Вот что значит быть неодушевленным предметом! Чего только с нами – глобусами, вазами – не вытворяли! Взять хотя бы меня. Каким только унижениям меня не подвергали – казалось бы, их не способен перенести ни один уважающий себя керамический сосуд, а ведь и мы знаем, что такое либидо. Свидетелями того, что мы можем служить связующим звеном между искателем удовольствий и их источником, являются не только мужчины, которые вечно стремятся куда-нибудь погрузить свой стержень – в замочную скважину, в обивку кресла, в арбузную корку или в ароматную мякоть дыни, – но и женщины.
– И что же ты сказала в полиции?
– От тебя я подозрения отвела, – успокоила ее Туша, – так что женщина с твоей тогдашней кличкой может спать спокойно. В качестве подозреваемой я описала им коротко стриженную толстуху лет тридцати пяти. Им и в голову не пришло, что описала я саму себя. Впрочем, в том, что произошло, есть и моя вина. Я ведь преследовала тебя, и если б ты так меня не боялась, то никогда бы не начала стрелять. От ответственности все равно не уйти.

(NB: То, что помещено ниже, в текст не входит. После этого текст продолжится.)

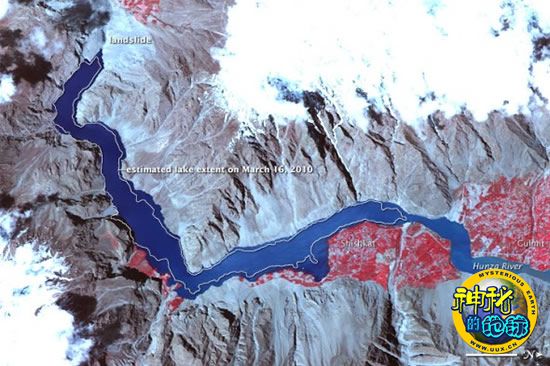 据美国宇航局网站报道,巴基斯坦北部2010年1月4日发生山体滑坡,导致罕萨河被堵,形成一个堰塞湖。随着温度上升,冰雪融化,湖水可能会冲破土坝,形成大洪水,对下游村庄造成严重威胁。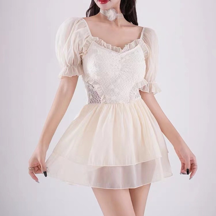 【在逃公主】高级感游泳衣女新款连体遮肚蕾丝性感温泉泳装女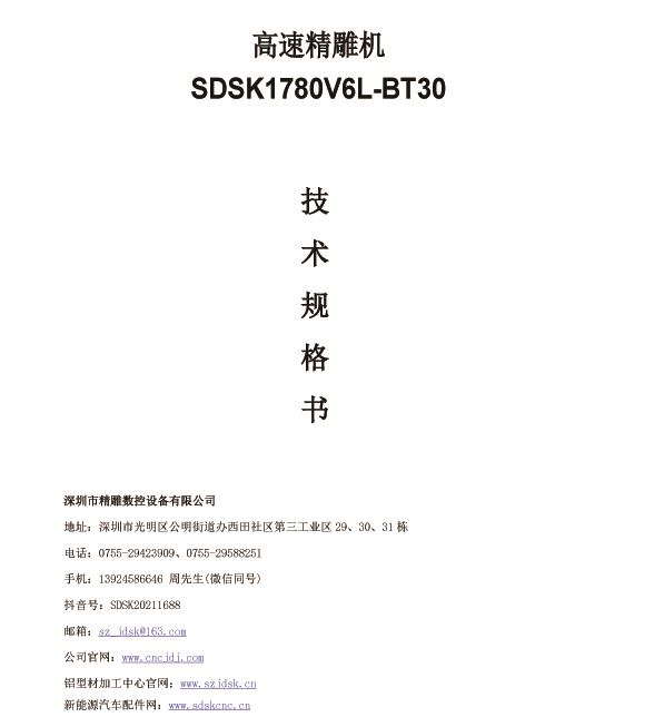 SDSK1780V6L-BT30 機(jī)型是專門為客戶量身定做的高速精雕機(jī)
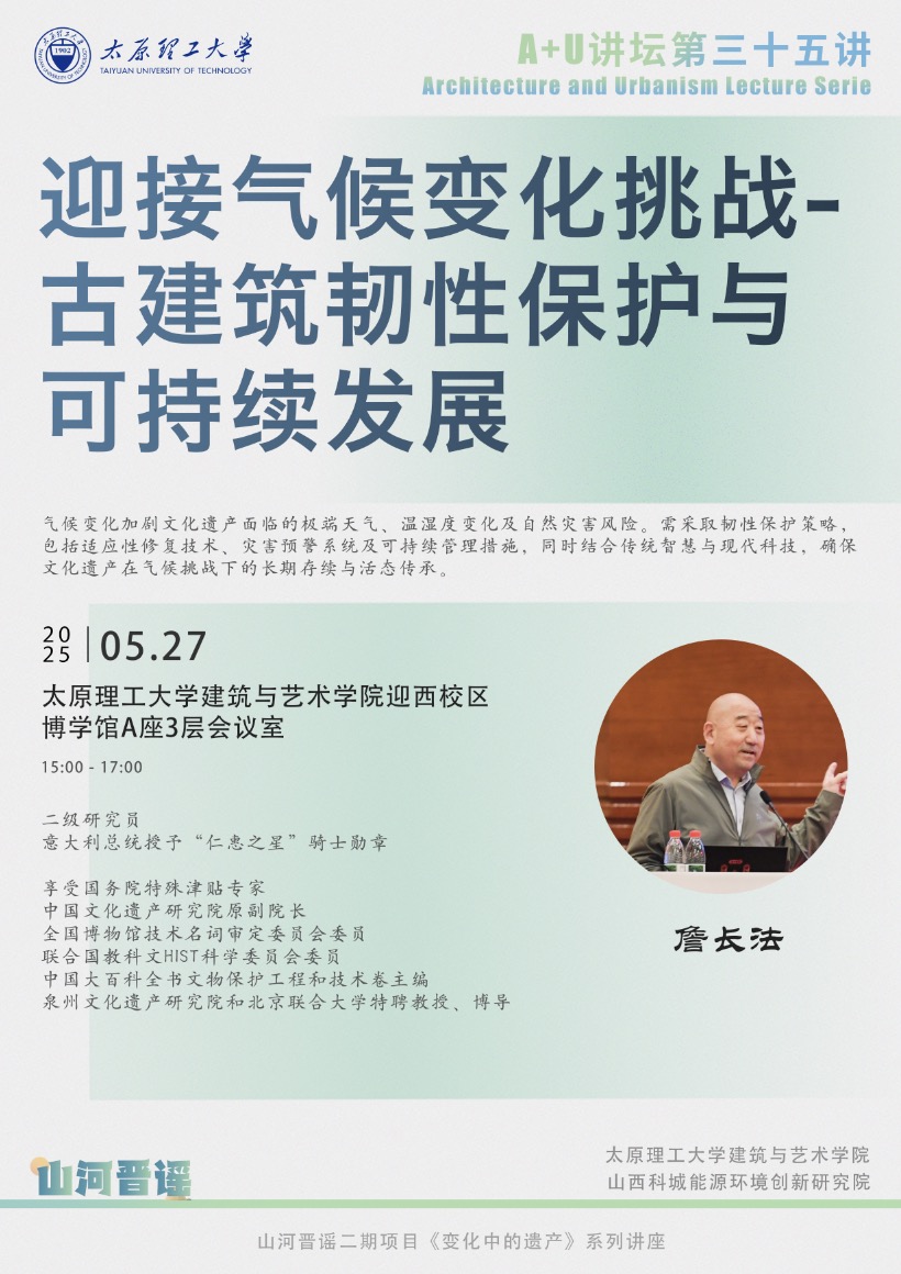 5月27日下午,中国文化遗产研究院原副院长、二级研究员詹长法在伟德BV1946做题为《迎接气候变化挑战-古建筑韧性保护与可持续发展》学术讲座,从专业角度分析了在气候变化的条件下建筑遗产保护利用的途径。气候变化加剧文化遗产面临的极端天气、温湿度变化及自然灾害风险。需采取韧性保护策略,包括适应性修复技术、灾害预警系统及可持续管理措施,同时结合传统智慧与现代科技,确保文化遗产在气候挑战下的长期存续与活态传承。本次讲座具有很强的启发性,师生积极参与互动,一致好评。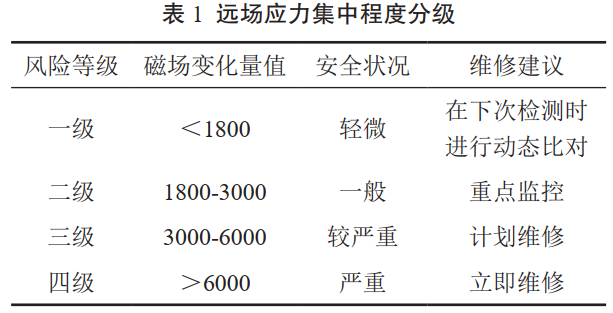 (2)遠(yuǎn)場應(yīng)力風(fēng)險(xiǎn)等級。遠(yuǎn)場應(yīng)力風(fēng)險(xiǎn)等級如表 1所示。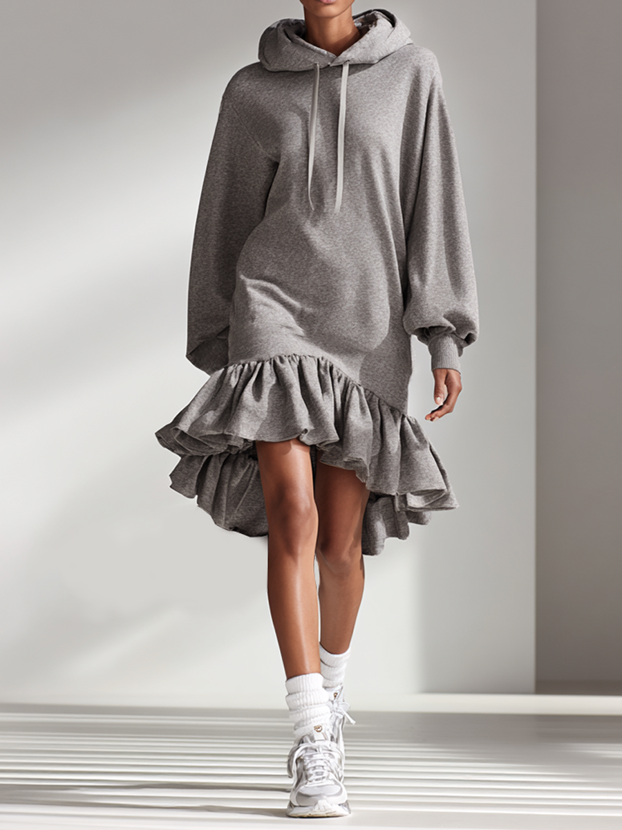 Women's Oversized Hooded Ruffled Hem Sweatshirt Dress MDA2858K2AP
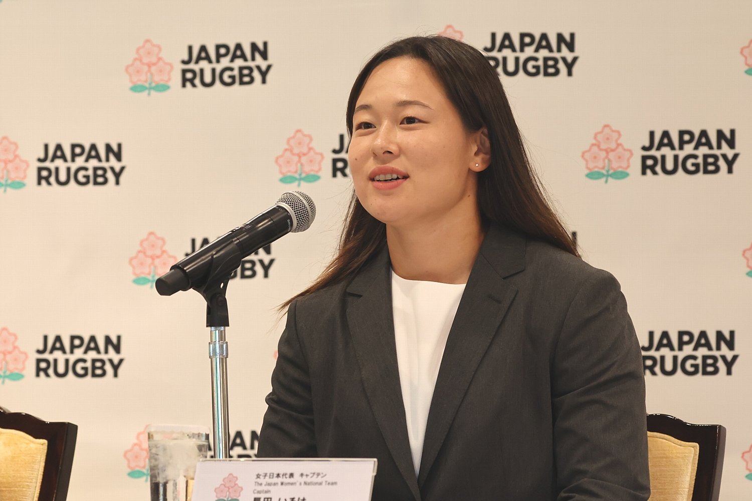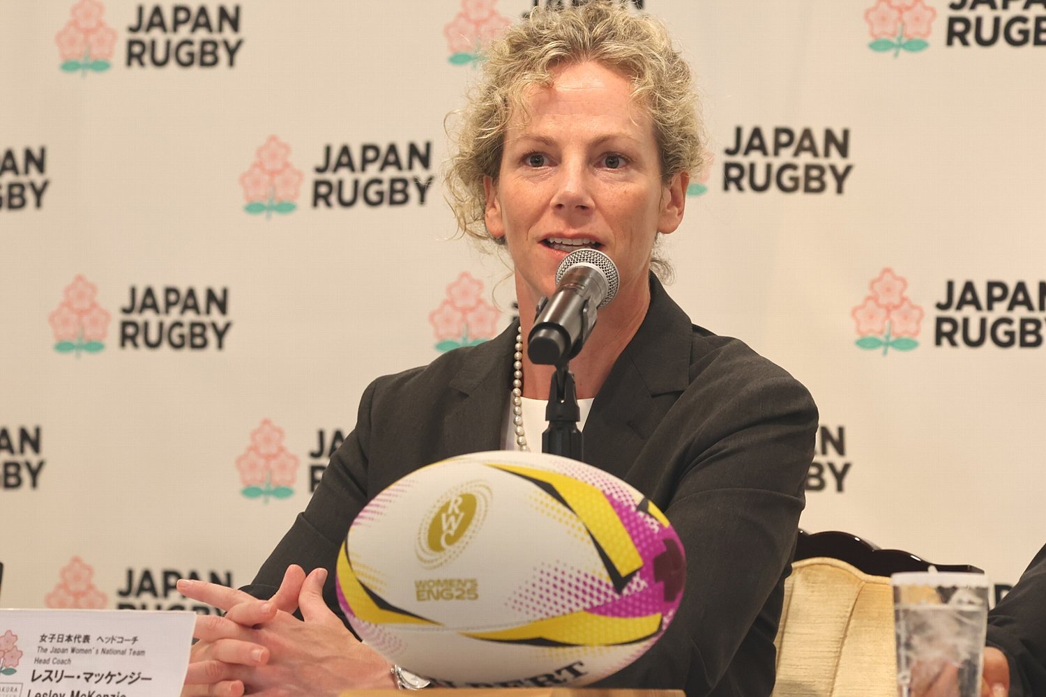 登壇者は2大会前にチームを率いた有水剛志ナショナルチームディレクター、前回大会に続き、指揮官を務めるレスリー・マッケンジーHC(ヘッドコーチ)、そして3大会目の出場となるキャプテンのFL(フランカー)長田いろはの3名だった。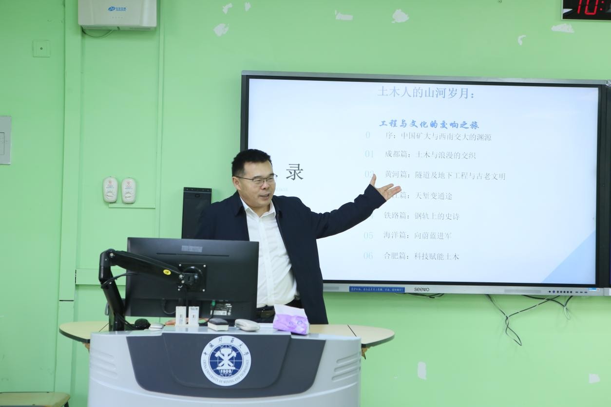11月21日,学院开展“学术前沿,启迪人生——专家学者进课堂”系列讲座第十二讲暨Office Hour第九期活动。中铁四局高级专家申志军走进2022级岩土与矿山工程专业本科生班,并作题为《土木人的山河岁月-工程与文化的交响之旅》的学科前沿讲座。讲座由学院党委副书记纪承主持。
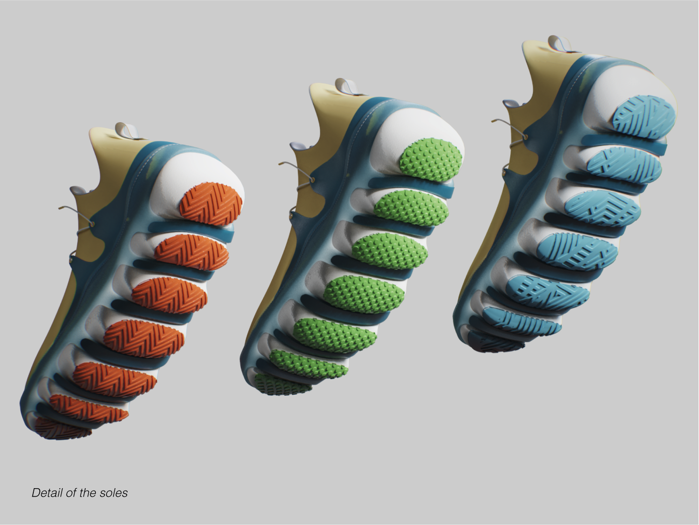 Description The project we are going to present falls under the category of sports equipment and it is a tennis shoe. What makes our concept interesting, unconventional and innovative is the possibility of replacing the sole of the shoe, either to adapt it to different playing surfaces or to replace it when damaged. The idea stems from the desire to be able to make a beginner friendly product that would allow new players to buy a single, and cheaper, solution to play on any court, instead of having to buy 3 or more pairs of shoes depending on the terrain, reducing costs and waste.

– И не говори, – отозвалась Никки, разливая чай.
– А у тебя разве так не бывает? Совершишь дурной поступок, а потом мучаешься.
– Тоже мне мучения! Жизнь ведь как устроена: если не предашь ты, предадут тебя. Одно из двух.
– Пока живешь, все время кажется, что ты чего-то недобрала. Только и думаешь: «Почему я взяла из кассы сорок фунтов, а не сто? Почему я не побила заодно и Вонючку? Почему я побила одного Фила? Почему я не проломила Вонючке череп? Почему я не потребовала себе больше? Почему не взяла больше?» Когда же отправляешься на тот свет, то рассуждать начинаешь иначе: «Почему я не дала Альме в долг, когда она так нуждалась? Почему было не дать Софи больше? Зачем было ее обманывать? Ради чего я доставила нам обеим столько неприятностей?» Надо понимать, что в данный момент важнее всего. Как-то я попыталась помочь одному парню, который попал в аварию: дверцу его машины заклинило, он оказался в металлическом капкане, я видела, что он обливается кровью. Поделать ничего было нельзя. В этот момент ему не нужны были деньги, он не хотел слушать стихи, любоваться картинами, делать заявления для прессы. В этот момент ему хотелось только одного – чтобы ему протянули руку, все равно кто. Я знаю, о чем говорю.
– Итак, ты пришла сюда, чтобы сделать меня счастливой? – осведомляется Никки.
Туша утвердительно кивает.
– А теперь проваливай.
– Хорошо, я уйду. Свое послание я тебе передала и могу уйти. Но имей в виду, Никки, я ухожу не потому, что ты меня об этом попросила. Сделать тебя счастливой вовсе не значит идти у тебя на поводу. Не забывай, я ведь тебя неплохо изучила.
Туша идет к двери. Достает кошелек.
– Если тебе действительно нужны деньги, можешь взять у меня. Я нашла тебя. Не забывай об этом. Думаю, искала тебя не одна я... Да, вот еще что... Спасибо, что ты меня застрелила.
– На здоровье.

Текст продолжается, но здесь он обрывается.